Statistics: Good or Bad? [Black Swan]
For a while now I have been adamant about perusing a dual degree in statistics and economics, but after reading “The Black Swan: The Impact of the Highly Improbable,” I’ve become flustered and lost in what to do. The arguments Taleb made about the Gaussian curve and using the hard sciences in the social science seemed logical and made me question the whole academic field of statistics and economics. I don’t know, I guess it’s a good thing that I’m not having this crisis when I’m actually working.
I do love finance and do love following current events, and I want to do something in finance after college. However, in college I wanted to major in something, at least slightly, technical because I know that I would never have that opportunity to do so again (or at least for a long time). That’s why I wanted to major in statistics. But after reading the Black Swan, I think it might actually be detrimental if I do so.
Do you guys have any suggestions?
Read you bible and pray, every day.
Taleb writes about very general concepts. In practice, statistics skills are invaluable. For example, even though asset prices are not normally distributed, you will still use black scholes as a pricing convention.
If you find stats interesting, I'd say still go for it. If nothing else, it might help you break into finance to begin with.
I'd really like to see this topic discussed in further detail. I'm in pretty much exactly the same position as the OP: came into college thinking quant shit was the be all end all, and only realized later that all the complicated math and stat doesn't really work. Right now, I'm wondering why I should even continue majoring in this crap when I can do something chill like Econ, rock the GPA and land a job. Then again, I might just be a pussy because stats is a pain in the ass to learn on your own when you have shitty teachers.
(Might want to move this to the trading forum to get more relevant responses)
Don't let Taleb determine what you major in, but the one thing you should take away from his books is as he would say "don't be a sucker."
I understand your concern, having gone through the same mental debate.
In the end, it's a debate that can be answered through empiric evidence.

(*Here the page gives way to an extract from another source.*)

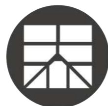
Edwardian or Georgian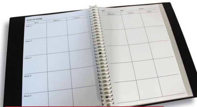
Vertical period format

Look at HFT shops, look at Renaissance or DE Shaw. Their strats are quant based and work.
That said, they can lose money too, and are hardly infallible. The value guys are rockstars too. Einhorn and the like. It's up to you what style you like most.
I learnt stats as a part of physics and electrical engineering, and we never used stats to quantify human behavior or construct term structure models. For example, the normal distribution (that you say you've lost faith in) wasn't first developed to explain financial events, but rather to explain the movement of gas particles. The vast majority of quantitative models are actually applied physics equations massaged to explain financial instruments and markets (read Black-Scholes and Heat equation). Ito calculus is rocket science (quite literally). Have you ever wondered why the vast majority of quants from the 80s and 90s were physicists?

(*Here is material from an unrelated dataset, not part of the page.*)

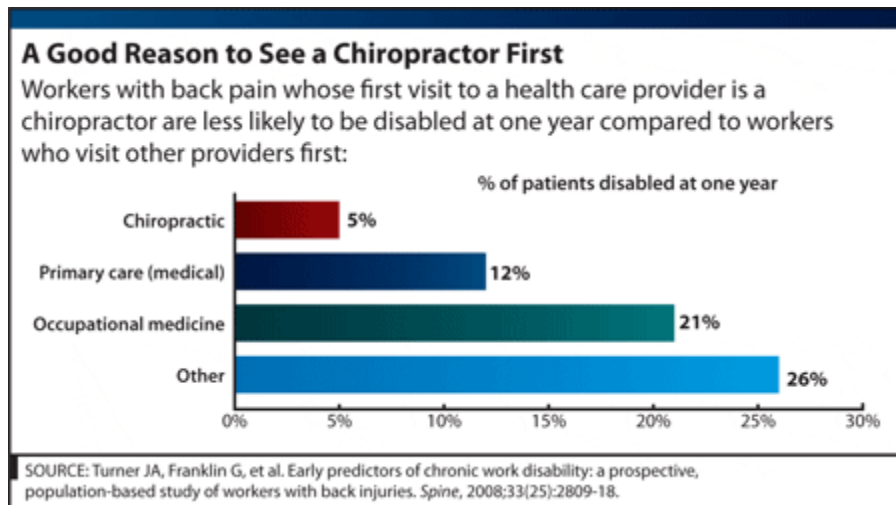
Table 1. 1

On behalf of a united chiropractic profession, this paper is offered as a means to substantively contribute to the national healthcare reform debate, to help foster timely action on key health reform principles, and to offer a new perspective on how a system in crisis can be redesigned into one that works, in which the public has confidence and which the nation and its citizens can afford.

To come to the point, financial math is not an exact science, while electrical engineering and physics are. The development of math in any field starts with some basic assumptions (like Newton's laws of motion or Maxwell's equations), and are built on that. These laws have stood the test of time to the extent that they're "exact" now. The assumptions of Financial Math, however, were formed relatively recently and were borrowed from physics and were calibrated to fit the markets. It's not "exact" yet, and hence the reason the math can't explain certain events.
I suspect it never will be exact. For a great coverage of these topics, see my post in the Econ Group (or, just read Richard Feynman's graduation speech "Cargo Cult Science" and F.A. Hayek's "The Pretense of Knowledge").

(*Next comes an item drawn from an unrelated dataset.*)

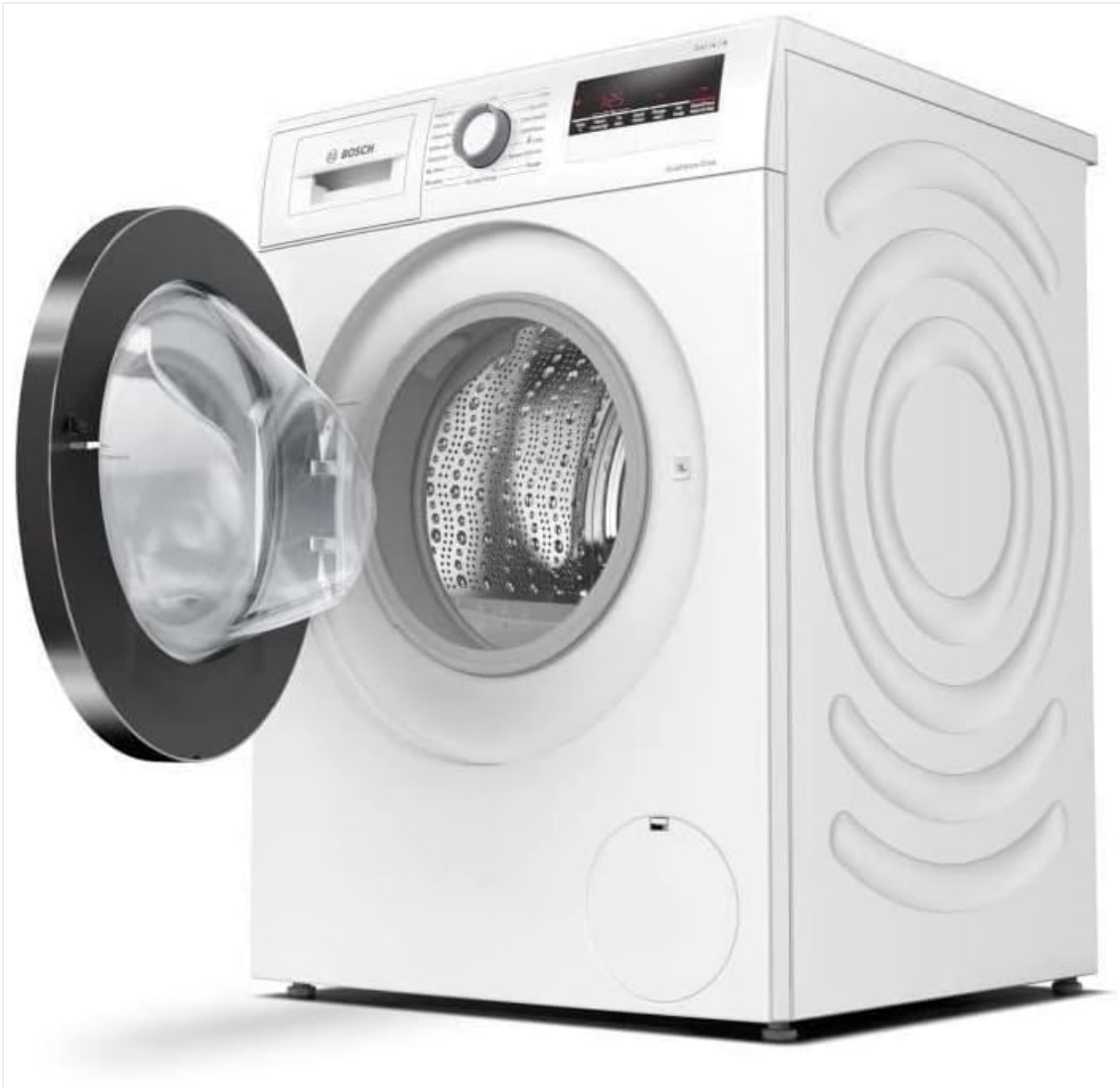
Figure 1: Bosch WAN 28209 FF washing machine, illustrating its front-load design and drum interior.

LOL -- that sounds really cocky and I didn't mean for it to. I meant for a great coverage of those topics via the links in my thread... Also, go on youtube and watch "Quants: The Alchemists of Finance" (or something like that).
Math is not meant to explain specific events. It's a framework. Engineers and physicists grant specific meaning to abstract framework to do whateva they need to do, so are the financial engineers. "as far as the laws of mathematics refer to reality, they are not certain; and as far as they are certain, they do not refer to reality." ----Albert Einstein
I completely agree with you (and think you've done a better job of conveying my original point). The point of my post was that the framework for engineering and physics has been around for a long time and is well established (did not mean exact literally, hence the quotes). The Financial Engineering framework, however, is just a convolution of other framework and has room for improvement.
Combine a major in psychology with your stats major
One thing I've come to realise from this line of works is the fallacies in the assumptions people make about data.
Look at specifically what the facts are, and what the limitations of what they mean are. Humanity makes some very bizarre and often self harming decisions (she doesn't like me, you fancy her not me etc. etc.) because of this, based on very loose evidence.
Interestingly, does anyone else think that Taleb uses random in the same way most people use the word God?
you misunderstood taleb, he doesn't say statistics are useless, he just argues they are misused by an aweful lot of people. Its still a worthwhile topic to study, just be aware of the limitations. Same applies for economics.
The only issue is once you accept talebs framework of thinking and start looking for bias and fallacies in every data source you can never read a newspaper article again(this is more true of fooled by randomness I feel).
damn you taleb!
For every Black Swan there are people who care them.